Model Routing Specifications (June 2026 Costs)

  1. Intent Classifier (Nano Tier): openai/gpt-5.4-nano (~$0.0001/turn).
  2. summarization & Tool-call parsing (Flash Tier): google/gemini-3.5-flash / openai/gpt-5.4-mini (~$0.001/turn).
  3. Primary ReAct Loop (Frontier Tier): nvidia/nemotron-3-ultra-550b-a55b ($0.50 in / $2.20 out - best value CLAIM-022) or z-ai/glm-5.2 ($0.98 in / $3.08 out - open weights CLAIM-020).
  4. Specialized Coding (Subagent Tier): moonshotai/kimi-k2.7-code ($0.68 in / $3.41 out - 256K context CLAIM-023).
  5. Voice Interaction: openai/gpt-audio / openai/gpt-audio-mini (native multi-modal voice processing).

6. Gateway Channel Connectors & Secure Pairing Protocol

To enable secure remote operator control via third-party messaging clients (SMS, Telegram, Slack, WhatsApp, Discord) and headless CLI/companion app nodes, the harness standardises a gateway connector layer:

A. Secure Device-Pairing Primitives

  • One-Time Handshake Token: Pairing requests generate a transient SetupPayload structure holding the gateway URL, a cryptographically random, one-shot bootstrap token, and a 3-minute expiration timestamp (expiresAtMs) CLAIM-124.
  • URL-Safe Codec: Setup payloads are serialized to JSON, Base64-encoded, and normalized to a URL-safe alphabet (replacing + with - and / with _, stripping trailing =) CLAIM-125.
  • Network Security Bounds: Cleartext WebSockets (ws://) are strictly disallowed for mobile setup codes unless loopback, emulator bridges (10.0.2.2), or private LAN domain configurations (.local or private subnet subnets) are resolved.
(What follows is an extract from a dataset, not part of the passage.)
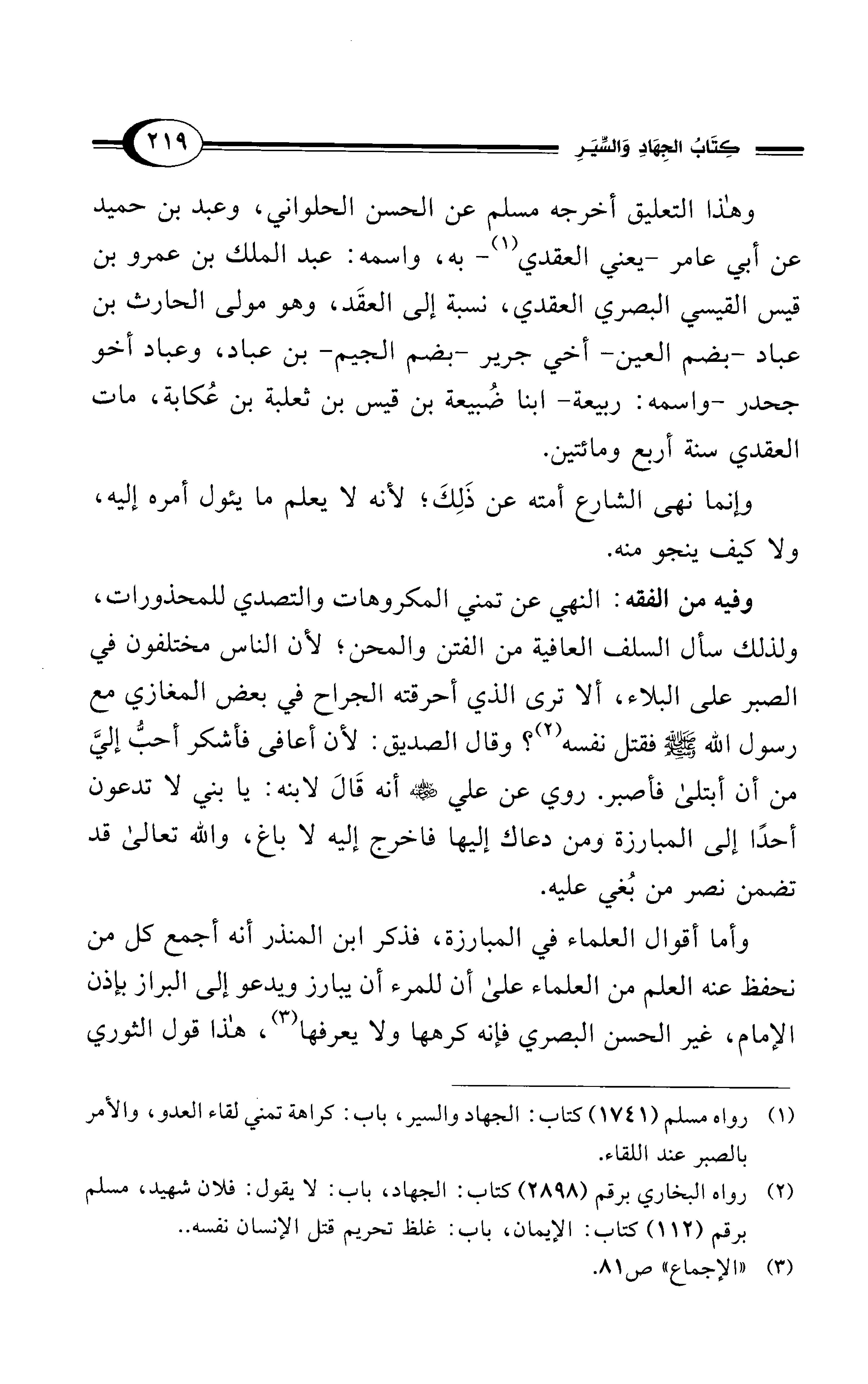 وأما أقوال العلماء في المبارزة، فذكر ابن المنذر أنه أجمع كل من نحفظ عنه العلم من العلماء على أن للمرء أن يبارز ويدعو إلى البراز بإذن الإمام، غير الحسن البصري فإنه كرهها ولا يعرفها (¬3)، هذا قول الثوري

Public routing defaults to wss:// CLAIM-128.
  • Approvals Pipeline: Ingress handshakes from scanning devices are held in a pending approvals queue (list.pending) until explicitly armed (armPairNotifyOnce) and approved via CLI /pair approve triggers to prevent unauthorized credential grants CLAIM-129.
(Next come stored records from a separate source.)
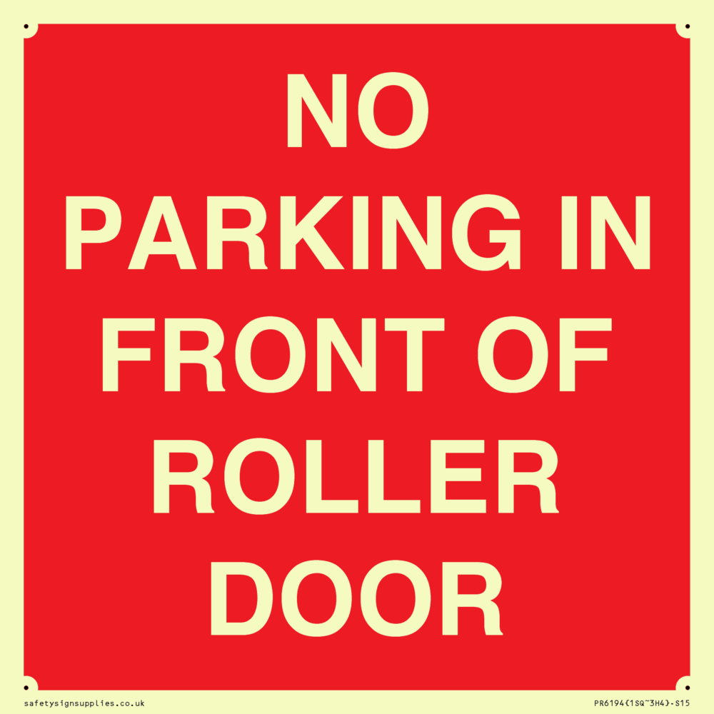 Sign Text: NO PARKING IN FRONT OF ROLLER DOOR
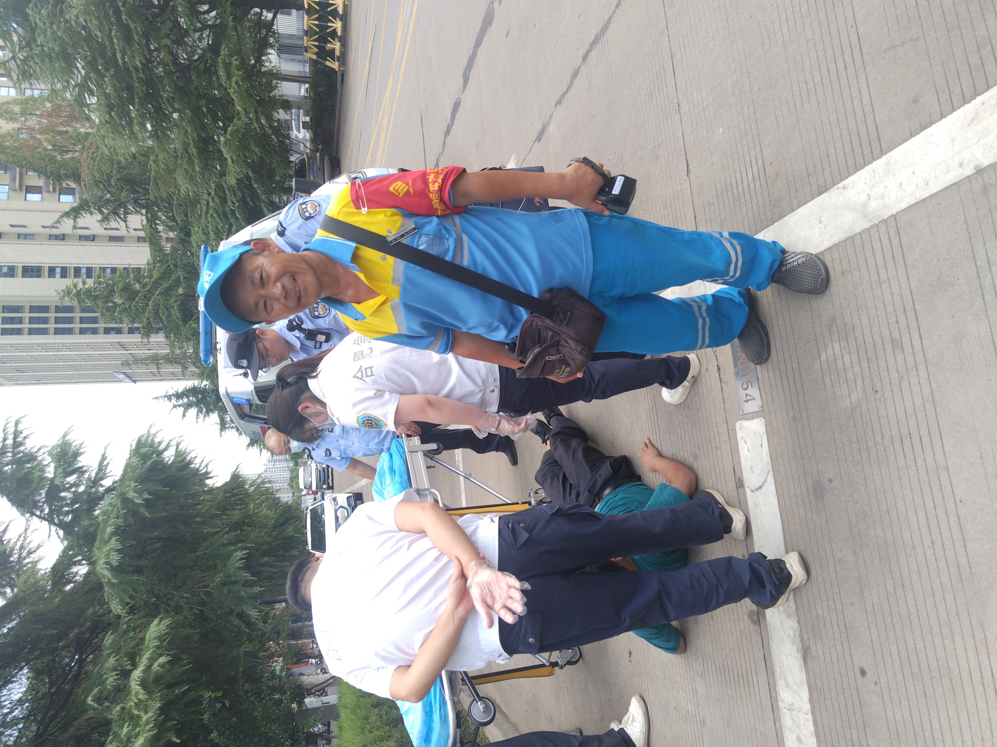 在警员赶到现场前,沈召忠一刻不敢放松的在醉汉身边守护,一直等到警方到达现场,后警方联系120救护人员将该男子送往最近的医院进行治疗。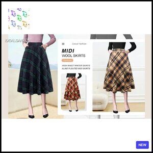 Woolen Plaid A-Line Midi Skirt High Waisted Pleated Classic Fall Winter Chic
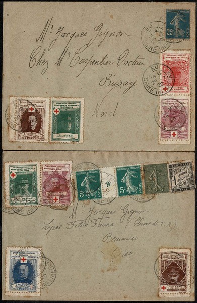 CRUZ VERMELHA – França – Ano 1920 – 2 envelopes circulados internamente com chegada. Selo/Selos Postais 4 diferentes etiquetas Pró Cruz Vermelha e com carimbo amarrando. Vide imagem………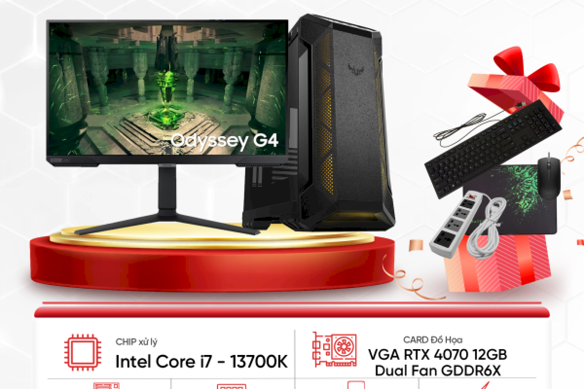 Bộ Máy Tính Gaming Thế Hệ 13 i7-13K sở hữu: i7 – 13700K/RAM 32G/SSD 500GB/VGA RTX 4070 12GB Dual/LCD Samsung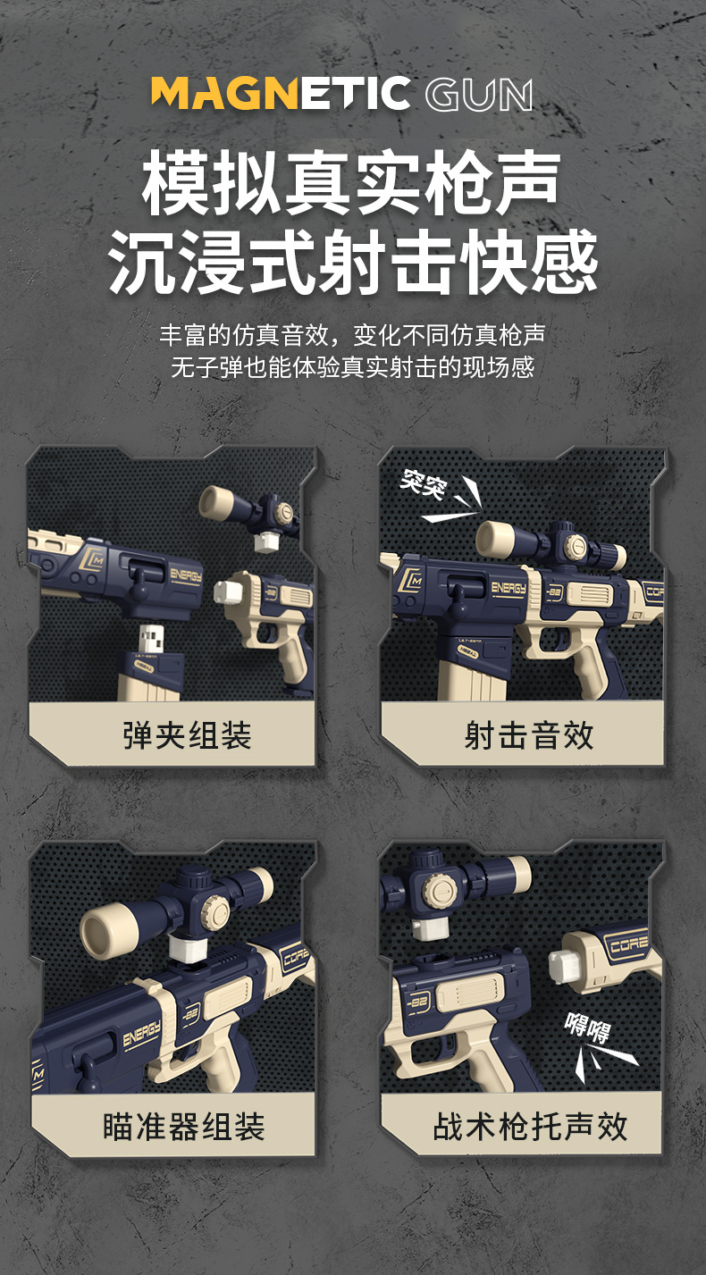 자기 장난감 총 창조적 인 다양한 모양 기관단총 시뮬레이션 전기 음향 효과 어린이 생일 선물 하이 엔드

B. Platform-Specific Messaging Connectors

  • Twilio SMS: Outbound dispatches are routed to the Twilio REST endpoint using basic auth CLAIM-130. Webhook security verifies authenticity by computing the HMAC-SHA1 signature of the concatenated URL and sorted parameters using the Twilio AuthToken, validating in a timing-safe manner CLAIM-131.
  • Slack: Inbound requests are validated via signing secret HMAC-SHA256 headers CLAIM-132. Outbound translations map agent Markdown text to Slack Block Kit layouts, and conversation mapping resolves using cached thread_ts keys CLAIM-132.
  • Telegram: Incoming updates are spooled asynchronously to prevent web server timeouts under load CLAIM-133. Forum topic binding creates canonical session threads mapped as chatId:topicId to isolate sub-chats CLAIM-134.
  • WhatsApp: Emulates WA Web websocket loops, capturing dynamic QR strings to render setup codes and caching session credentials (creds.json) in a local auth store for reconnection stability CLAIM-135.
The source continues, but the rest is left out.